West Java Governor Ridwan Kamil confirmed that the quality of water in Citarum River has reached a level safe for conducting fish cultivation and irrigation, as the river’s pollution levels has declined.

Governor Kamil stated, as per the West Java Government Public Relations team press statement received in Bandung on Wednesday, that the water quality at Citarum River had reached a “mildly polluted” level despite the river normalisation programme earlier targeting the water quality to reach a “moderately polluted” level.

During the 2021 United Nations Climate Change Conference in Glasgow, Scotland, Governor Kamil expounded that the West Java government had enacted the “Citarum Harum” (Fragrant Citarum) river normalisation programme to control pollution levels in the river, with himself presiding over as the programme’s task force head.

He noted that the water quality index at Citarum River, earlier recorded at 33.43 points in 2018, had improved to 55 points in 2020 following the application of extensive interventional measures focused on river normalisation.

The authority’s normalisation of the Citarum River drainage basin involved planting trees in 26,231.24 hectares of critical land in the drainage basin region, surpassing the 2021 target earlier set at 15,516.99 hectares, the governor stated.

The task force aimed for conducting normalisation of 80,174.99 hectares of land in the drainage basin and achieving a water quality index of 60 points by 2025, Kamil stated.

Apart from interventional steps taken at the river and the drainage basin, other measures adopted to improve Citarum’s water quality entailed managing 2,700 tons of waste daily and 33,868 floating net cages, he added.
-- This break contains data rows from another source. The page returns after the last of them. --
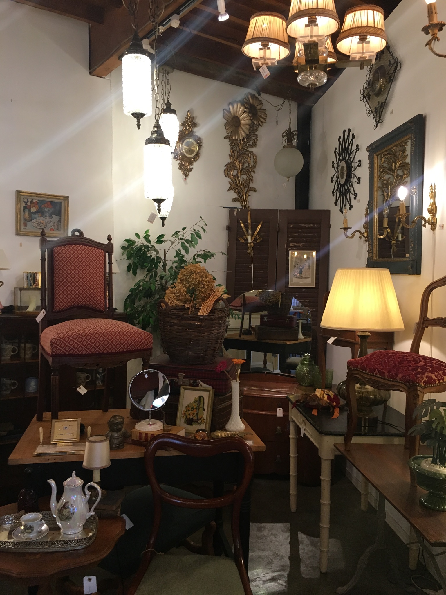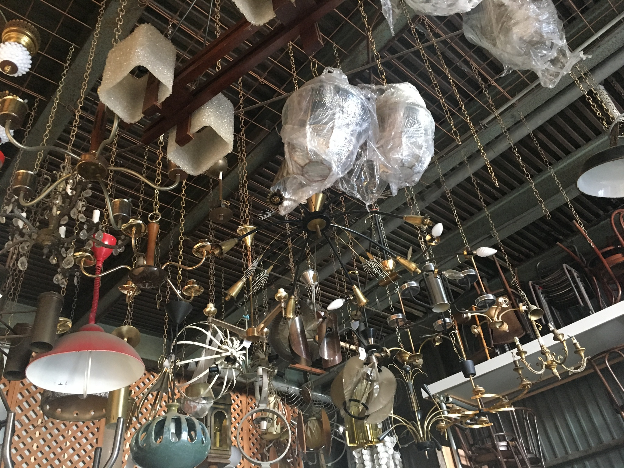 天井から吊るしてあるこの照明。修理待ちの商品らしいのですが、乱雑に吊るされた中からお気に入りの一品を探すのが楽しいんですよね。奥に見えているのは、同じく修理待ちの椅子。
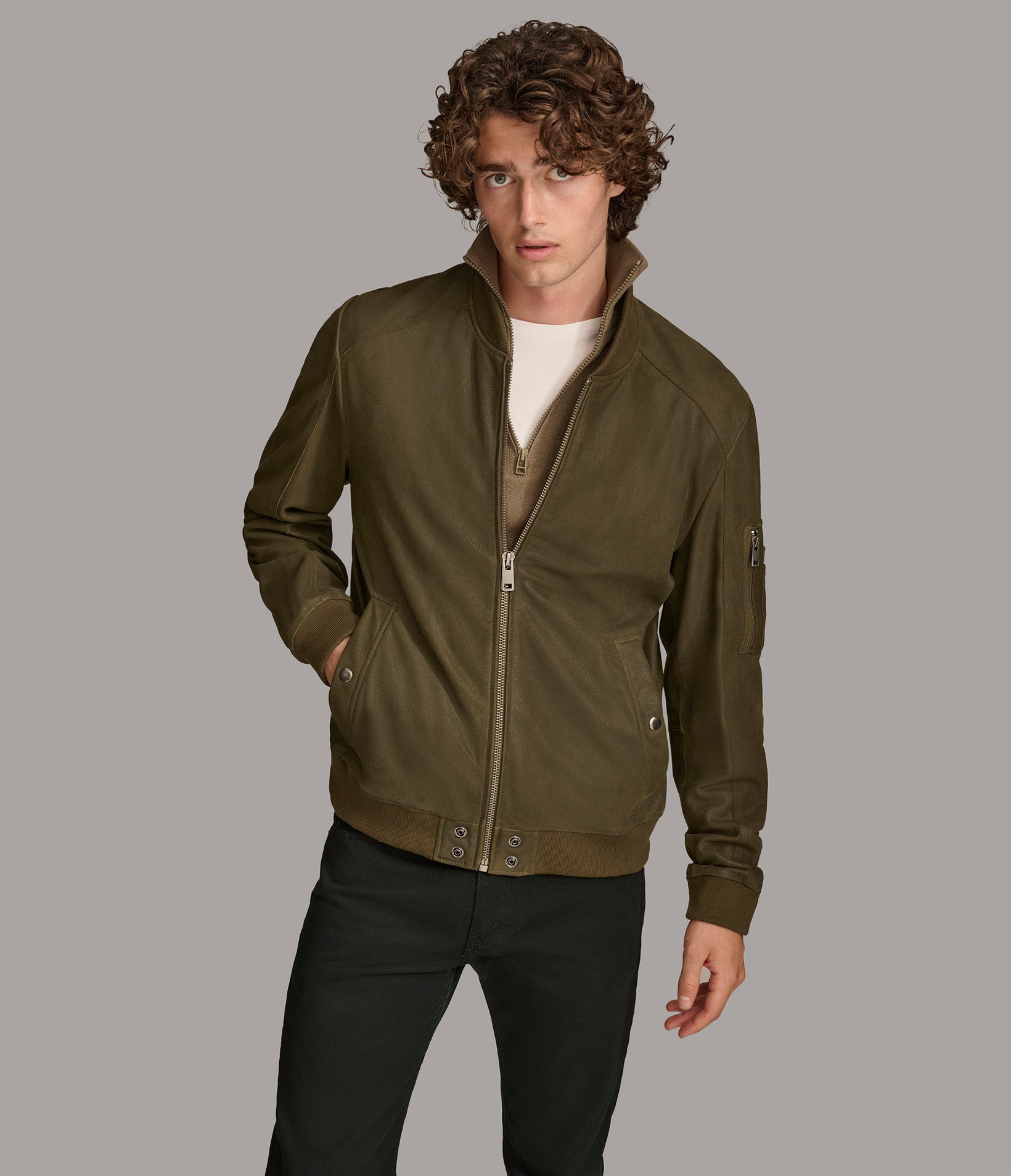 James Genuine Leather Bomber Jacket
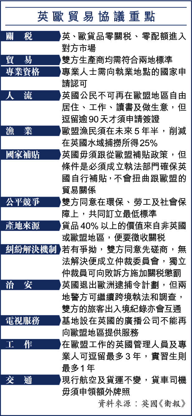 前天達成的新協議,維持了英歐貨物貿易的零關稅零配額安排,雙方可各自制訂監管法規,如有爭端由仲裁委員會化解。捕魚權問題也中間落墨,讓歐盟漁船在五年半過渡期內可繼續在英國水域捕魚,之後全由英方決定。
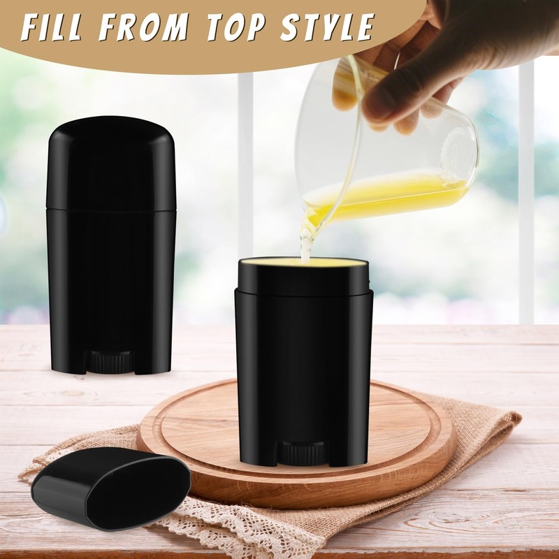 20 Pcs 50g/1.7oz Plastic Deodorant Containers Empty Top Filling Stick Tube Oval Deodorant Bottles for DIY Lotion Bar Sunscreen Lip Balm Cosmetic - Black
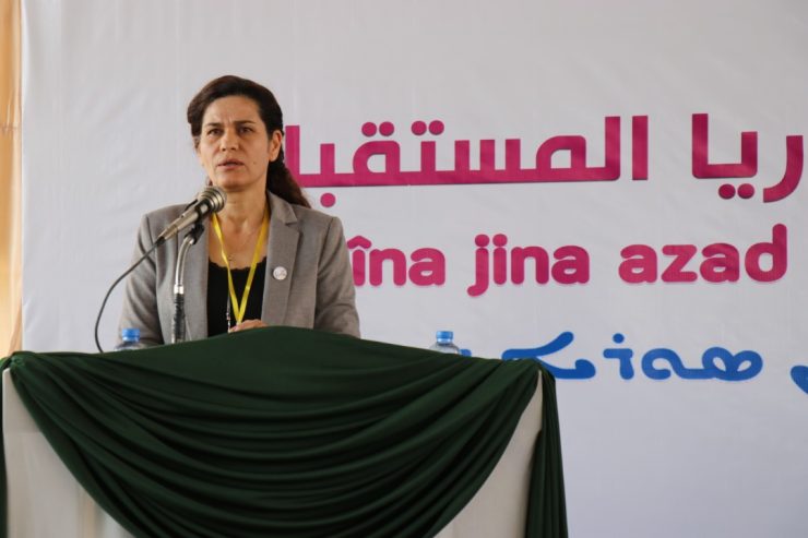 These declarations came during a speech delivered by Ilham Ahmed during the work of the second conference of the General Women’s Council of the Future Syria Party, which was under the slogan “By the will of free organized women, we build the future Syria” in the presence of hundreds of female party members, female guests, female representatives of political parties, Autonomous Administration and local civil and military institutions on Sunday in one of the halls of Raqqa city.
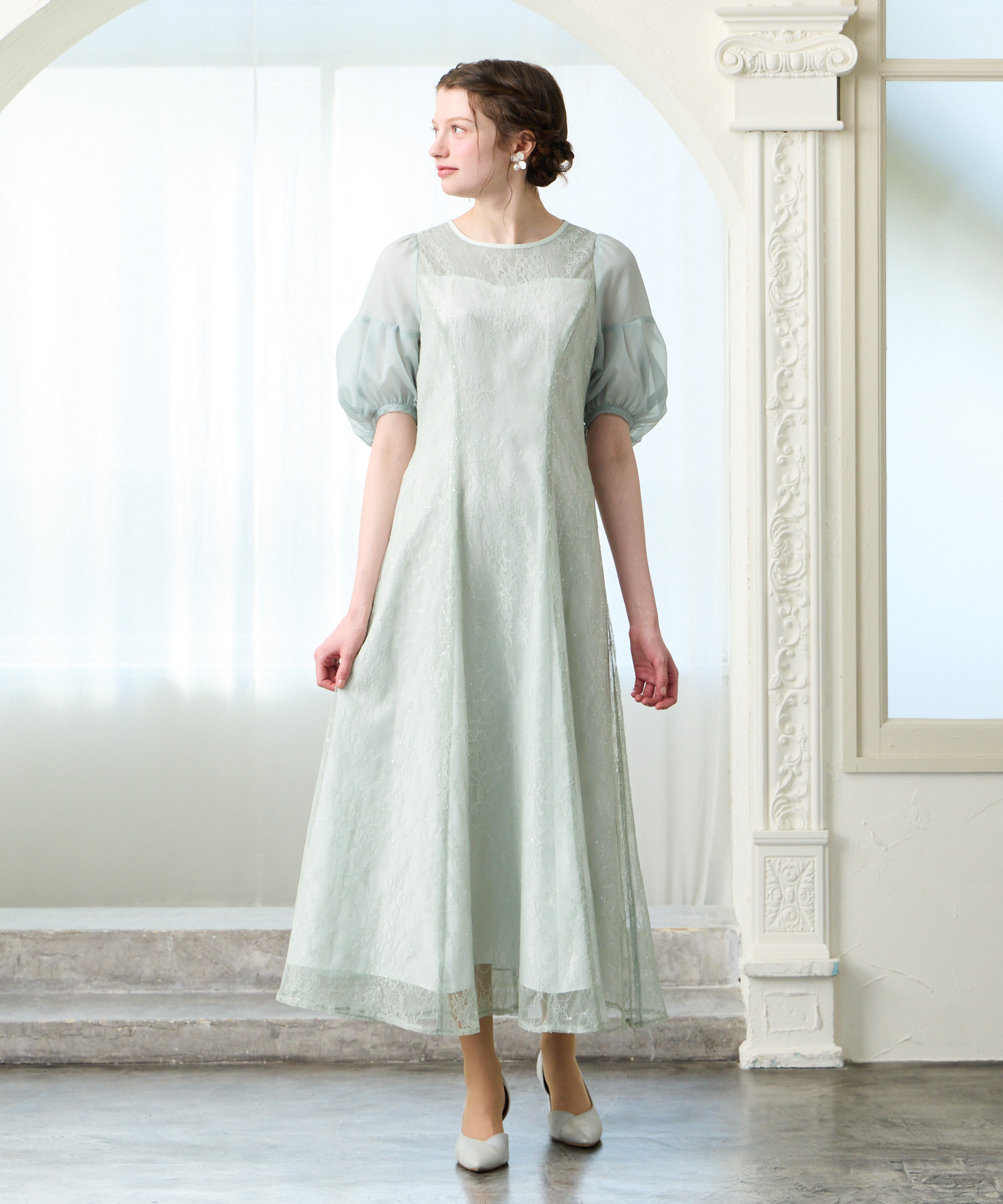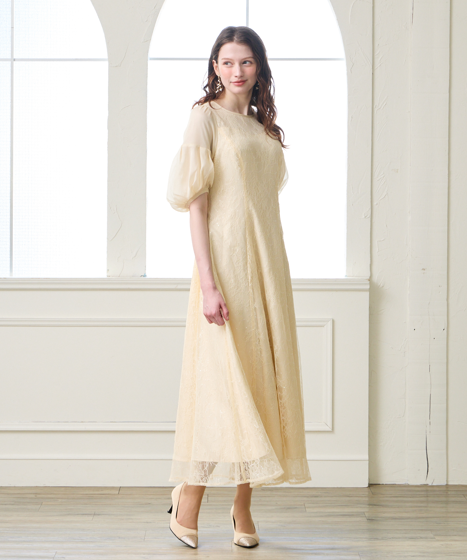 光をまとったようにきらめくレースと、ボリューム袖が目を惹く華やぎドレス。
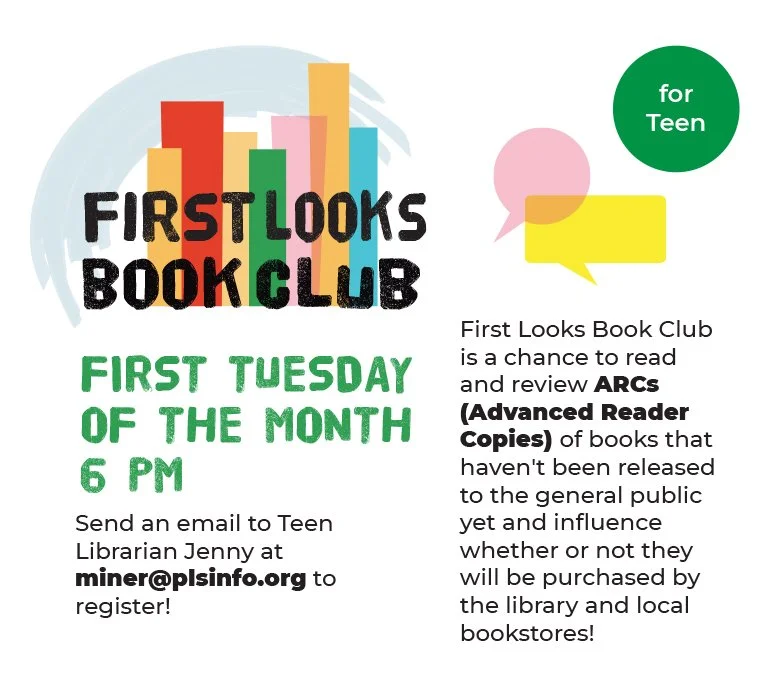 We meet the first Tuesday of every month (over Zoom, for now) at 6pm. Send an email to Teen Librarian Jenny at miner@plsinfo.org to register!
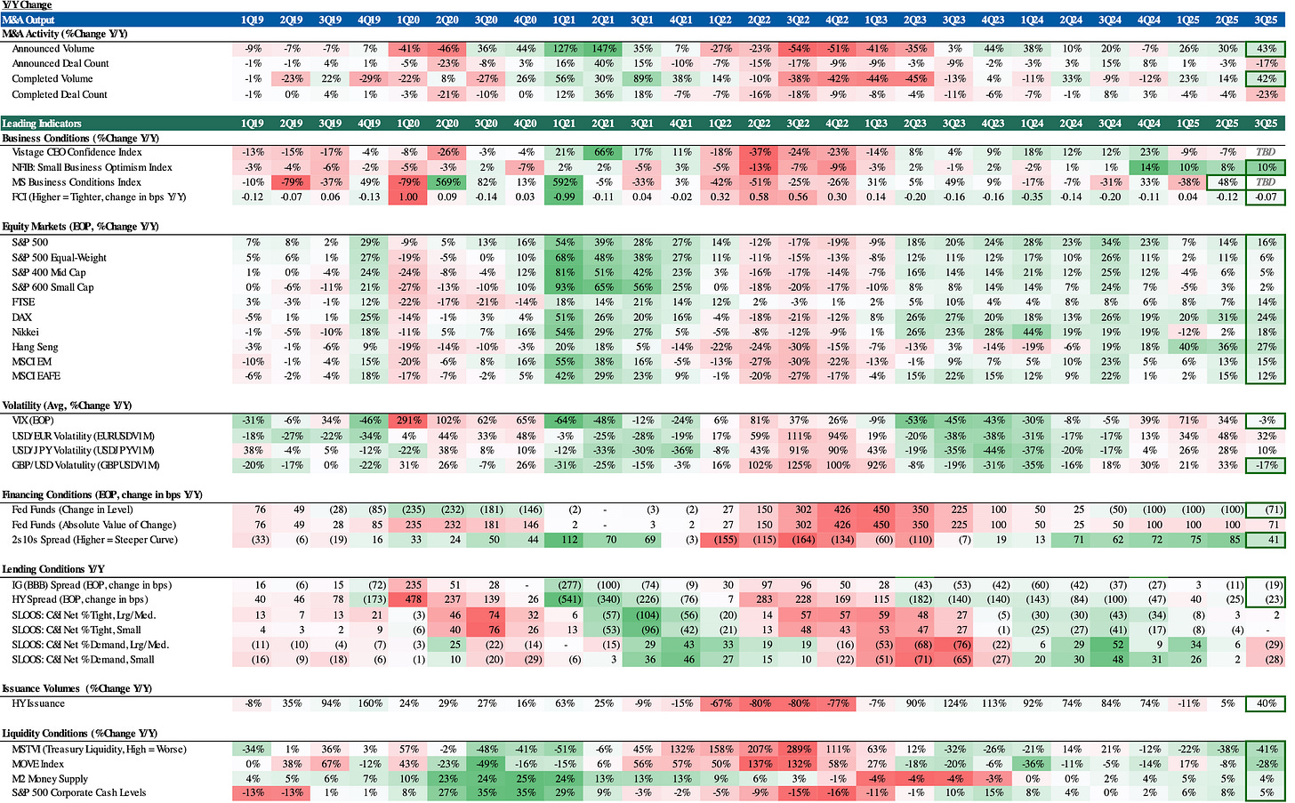 Source: Dealogic, Vistage, FactSet, Bloomberg, Federal Reserve Senior Loan Officer Survey, Morgan Stanley Research; Note: M2 data as of August 2025.
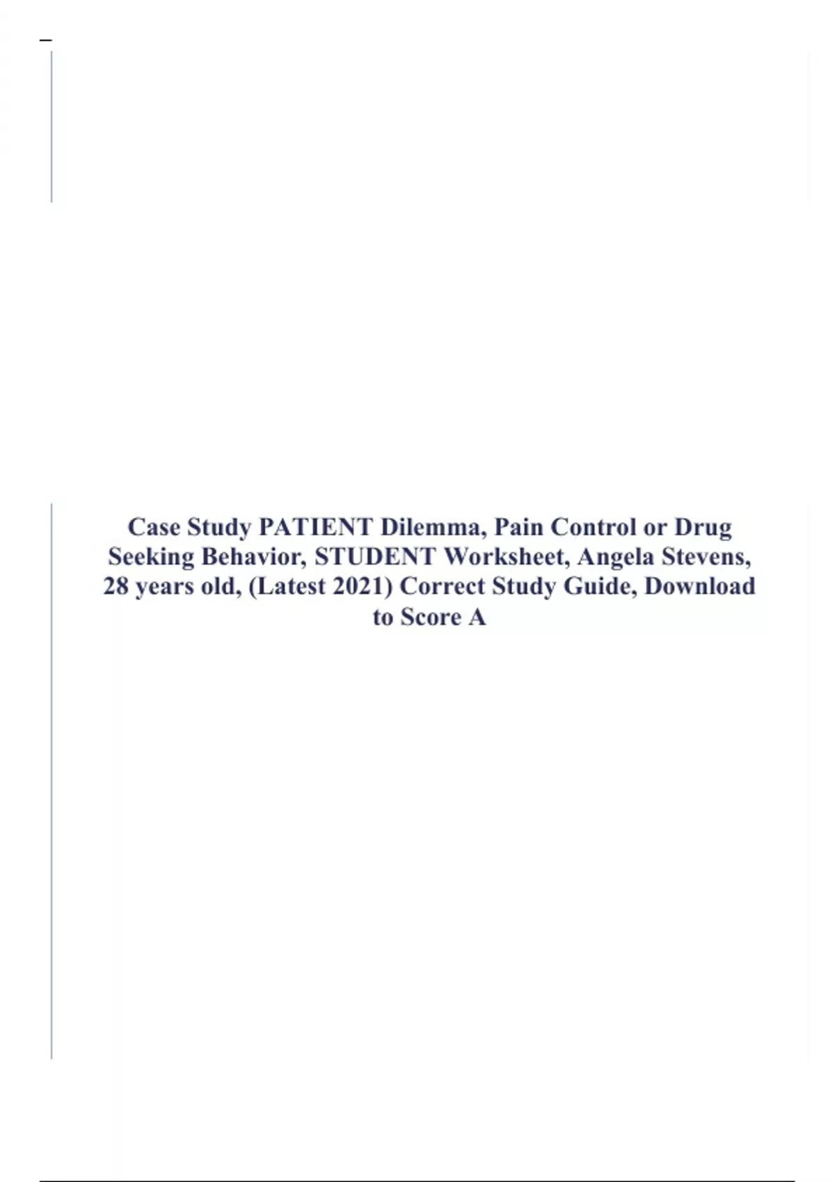 Case Study PATIENT Dilemma, Pain Control or Drug Seeking Behavior, STUDENT Worksheet, Angela Stevens, 28 years old, (Latest 2023) Correct Study Guide, Download to Score A

Meanwhile, West Java Environment Office Head Prima Mayaningtyas stated that several parameters have shown that industrial waste contamination in Citarum River and its drainage basin had decreased since 2019 and 2020, as industry and household waste ending up in the river had reduced by 42 percent in the last two years.

“The chemical oxygen demand in the drainage basin has also decreased this year and is reaching a level close to an acceptable standard,” she pointed out.

The 270-kilometre-long Citarum River, the longest in West Java, is a source of water for 18 million residents in the province’s 13 cities and districts that it traverses through.